The film is beautiful both visually and in it’s innocent tale of young love. Shinkai was man of many hats on this project ensuring the visual elements of the film fit his vision. He served as not only art director, but storyboard artist, cinematographer and film editor. Mateusz Urbanowicz did a wonderful job crafting the background art and helped blur the line between fantasy and reality by juxtaposing fast paced city and small town life. Those environments really helped carve out identities for the two main characters and define their roles in the story and the larger world.

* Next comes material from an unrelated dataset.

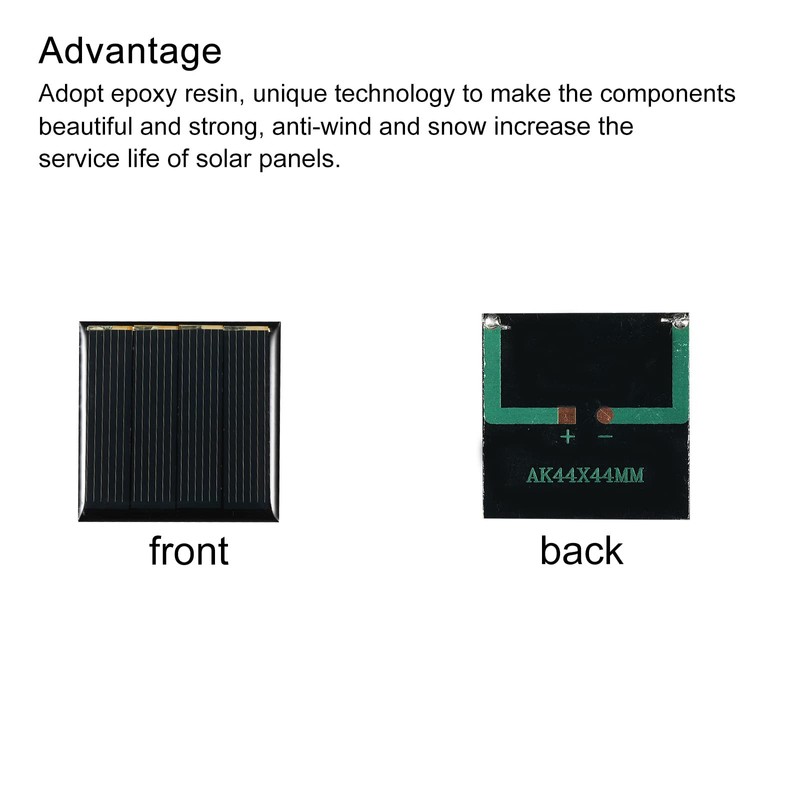 The mini solar panel, in size of: Rated Voltage: 2V; Current: 110mA; Power: 0.22W; Size: 44mm x 44mm/1.73 inch x 1.73 inch

Mone Kamishiraishi plays Mitsuha Miyamizu, a small town teenage girl who has big city dreams while battling with her own sense responsibility to her family and tradition. After waking up one morning from what she believes is simply an intense dream, her journey of self discovery and salvation begins. Her counterpart on the magical journey is Taki Tachibana, played by Ryunosuke Kamiki who’s known for his voice roles in Spirited Away (2001) and Howl’s Moving Castle (2004). Taki is busy enjoying his life as a teen boy, and part-time waiter, in Tokyo when it’s all interrupted by vivid dreams and the search for answers.
I went into it a tad skeptical of the PG rating. A story about gender swapping has some depths to navigate and the lack of an adult approach to the subject matter is obvious. The female characters are sexualized throughout, not a shocker, but it’s done from a very adolescent viewpoint and never becomes overt or gratuitous. It feels like a missed opportunity, but the story isn’t really about gender identity.
Recommendation: This is a good movie that has broad appeal across demographics and is worth a watch. It’s family friendly but stretches well into adulthood and stays enjoyable for all the same reasons.